#### [Provided material]
= Beginning of Section =

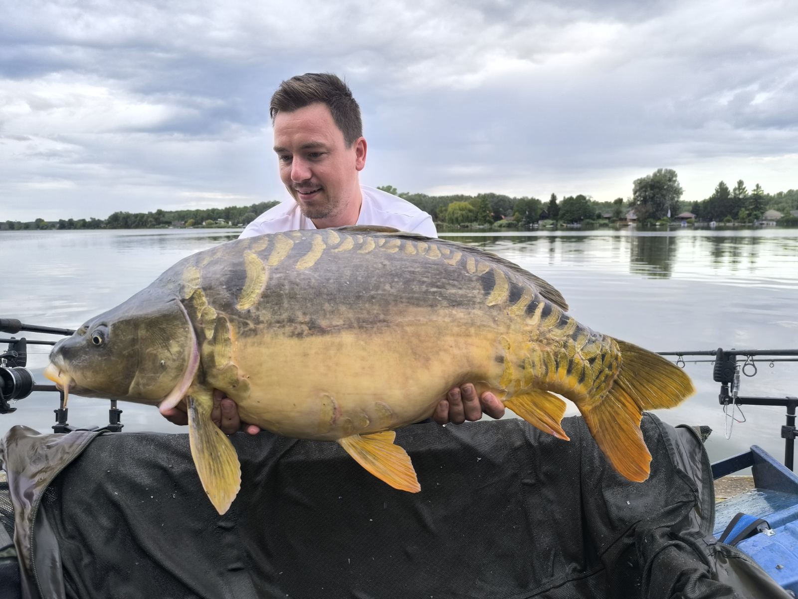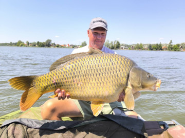 Napos idő, észak-keleti szél, 15 perces fárasztás csónakból. Az RSD Carp Cup bojlis versenyen fogott hal.
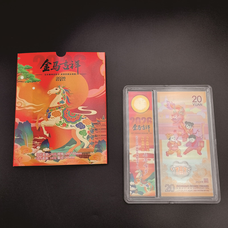 2026 Новый год Издание Пластиковая коробка Eva Модель Прозрачная коробка Год Лошади 1 монета 1 банкнота Подарочная коробка Коллекционная коробка банкнот Лошадь
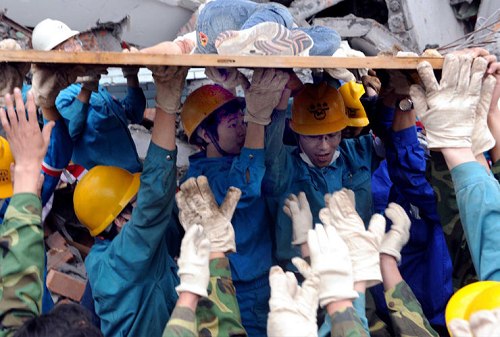 5月13日,四川绵竹县汉旺镇抢救现场,救援人员托起一位刚刚从废墟中救出的幸存学生。

= End of Section =

Give the data again exactly as written, with all pictures left out.

#### [Solution]
 Napos idő, észak-keleti szél, 15 perces fárasztás csónakból. Az RSD Carp Cup bojlis versenyen fogott hal.
 2026 Новый год Издание Пластиковая коробка Eva Модель Прозрачная коробка Год Лошади 1 монета 1 банкнота Подарочная коробка Коллекционная коробка банкнот Лошадь
 5月13日,四川绵竹县汉旺镇抢救现场,救援人员托起一位刚刚从废墟中救出的幸存学生。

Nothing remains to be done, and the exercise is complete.